Se aprecia un aroma a soberbia y poder en el ambiente, una mezcla poco favorable para la ocasión.
Algo no va bien, se escuchan gritos y lamentos, al girar la esquina, la escena que contemplan mis ojos vidriosos es comparable a la de una película de clanes vikingos luchando por el territorio.
En milésimas de segundo un hermano cae a plomo sobre el asfalto, sus ojos en blanco, su cuerpo inmóvil, su rostro palidecido contrasta con el charco rojo que se derrama en la calzada...la bestia se despierta, el cortocircuito en la placa base de un cerebro provoca el apagón de la cordura, cuerdas vocales descargan improperios que resuenan como aullidos de un lobo rabioso que no conoce, que no atiende a razones, su manada trata de calmarlo pero, ya es demasiado tarde, ya no hay vuelta atrás.
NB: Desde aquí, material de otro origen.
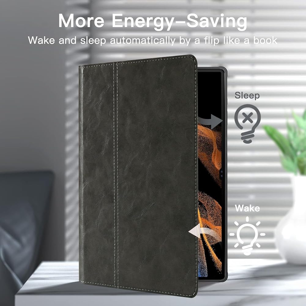 Genuine Leather case for Samsung made of dermal material, the microfiber interior, plus 3 mm thick,high quality soft TPU inner shell, not only ensures that iPad does not get scratched, but also ensures that iPad would be safe in the accidents (such as falling, collision and other external injuries). Adjustable kickstand helps iPad stand smoothly that allows you to free hands and enjoys the fun of movies. Wherever you use Ggexmil iPad case, in an office, in a coffee shop, out, at home, even in a kitchen, toilet, etc., it will be satisfying.
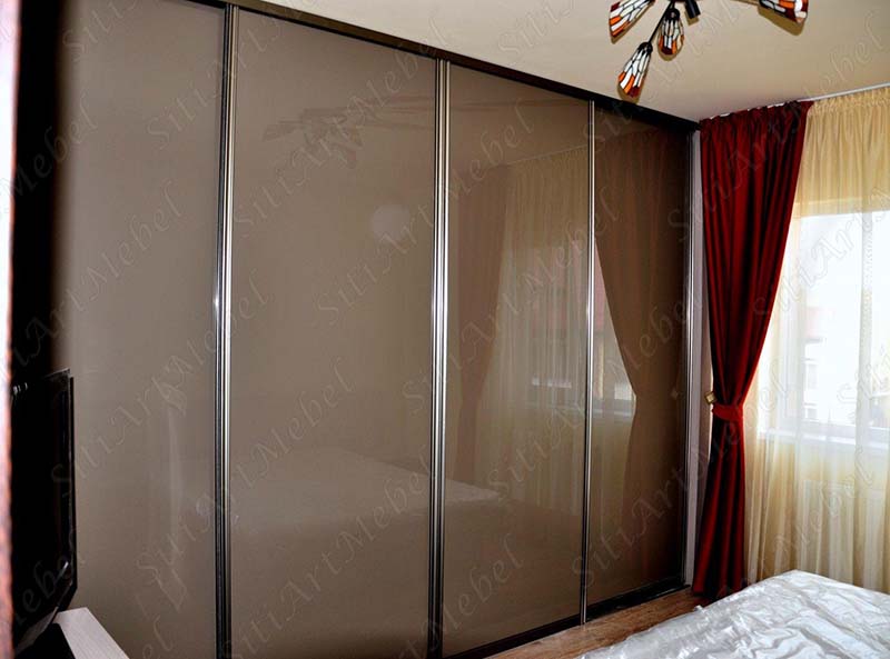 Стильный шкаф-купе имеет глянцевый фасад кофейного цвета. Раздвижные створки за счет качественной фурнитуры работают плавно и бесшумно. Представленная на фото модель сможет стать частью интерьера спальни или современной прихожей.
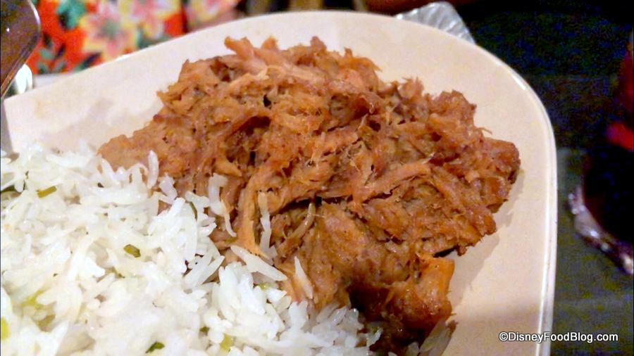 The Aloha Pulled Pork is flavored with Chipotle Barbecue Sauce. This was tender and flavorful meat that’s presented simply — no sauce on top or served on the side. So you’re getting the Chipotle Barbecue Sauce in the meat itself from the cooking process. The pork was meaty with very little fat. It was probably our favorite protein on the platter.
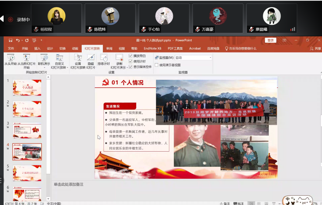 2021年3月5日上午9时,98色花堂 党委于线上召开了本学期的确定发展对象大会。98色花堂 党委副书记王瑞敏老师,98色花堂 团委书记、党务秘书曹昌健老师,学生党支部理论导师史佳鑫老师、周以铭老师,班主任代表刘佳辉老师出席了大会并担任评委。参加此次大会的还有部分学生党支部的支委、入党积极分子。 首先,会议主持人介绍了参会老师和会议流程。随后,15位候选人在现场进行了个人陈述。各位积极分子介绍了自己在思想、政治、学习和生活等方面的情况,陈述了各自的入党动机,分享了在向党组织靠拢过程中的思想认识与实践活动,针对评委提出的问题做出了回答。 通过老师们的提问,积极分子们对自身不足也有了进一步的认识,对入党有了更深刻的思考。 最后,王瑞敏老师做了总结发言。首先,王老师通过讲述“在新冠疫情期间,广大党员挺身而出、冲锋在前,不畏艰难险阻,奋战在疫情防控第一线”的例子,鼓励大家要在日常行动中要主动担当、积极作为。其次,王老师号召大家自觉学习“上下同心、尽锐出战、精准务实、开拓创新、攻坚克难、不负人民”的脱贫攻坚精神。王老师提到,1800多名同志将生命定格在了脱贫攻坚征程上,诸如黄文秀等基层工作者,他们用实际行动诠释了脱贫攻坚精神。再次,王老师以“中国德州寒洲与美国寒潮”进行对比,强调灾难面前我国的处理原则是人民至上,首先保证民众的基本生活所需才是头等大事,体现了中国共产党全心全意为人民服务的宗旨,鼓励大家坚定“四个自信”。最后,王老师鼓励大家认真完成学业;积极为他人、集体做出贡献;积极相应党的号召;不断的提升理论学习。 供图:研究生第7党支部 供稿:研究生第7党支部 |
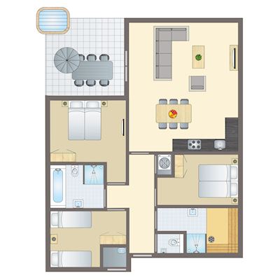 - Three bedrooms
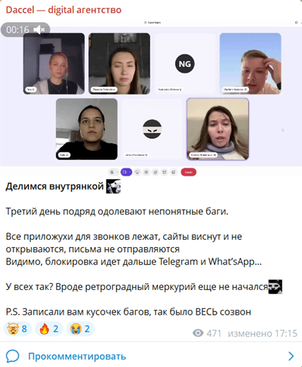 Для нас этот опыт стал настоящим трамплином к покорению медиа. Мы узнали, как организовывать команду внутри, какие инфоповоды СМИ возьмут в публикацию, а что пропустят мимо. Мы заявили о себе внутри индустрии, получили репосты от более крупных игроков и охват в 1700 человек (статья пишется в день выхода проекта, так что это ещё не предел))). На мотивации внутри команды даже начали вести Запретграмм….
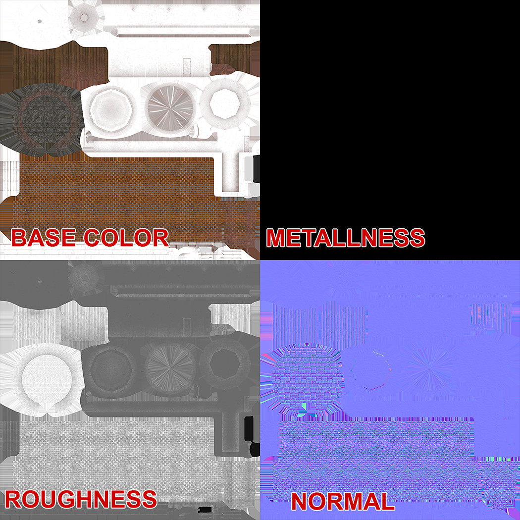 PBR textures are available for Specular-Glossiness and Metalness-Roughness workflows
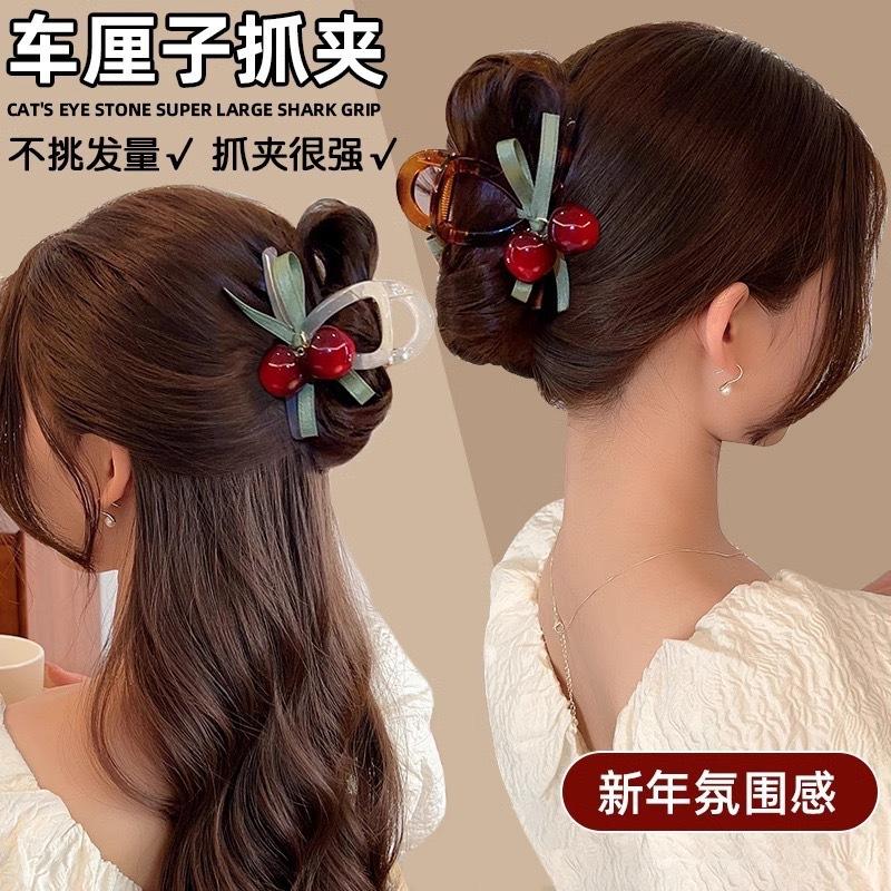 Horquilla elegante con forma de cereza para mujer, estilo nuevo de 2024, con lazo mediano y pinza para la cabeza, con diseño de tiburón, accesorios para el cabello.

La batalla se convierte en una carnicería, no hay piedad, el caos impide la percepción de la llegada del clan militar que necesita de todo su efectivo para reducir a la bestia, que sigue retorciendose de rabia.
-Tranquilo, tu amigo está bien.
La bestia llace aturdida y es depositada en el carro blindado.
Esta noche dormirá caliente.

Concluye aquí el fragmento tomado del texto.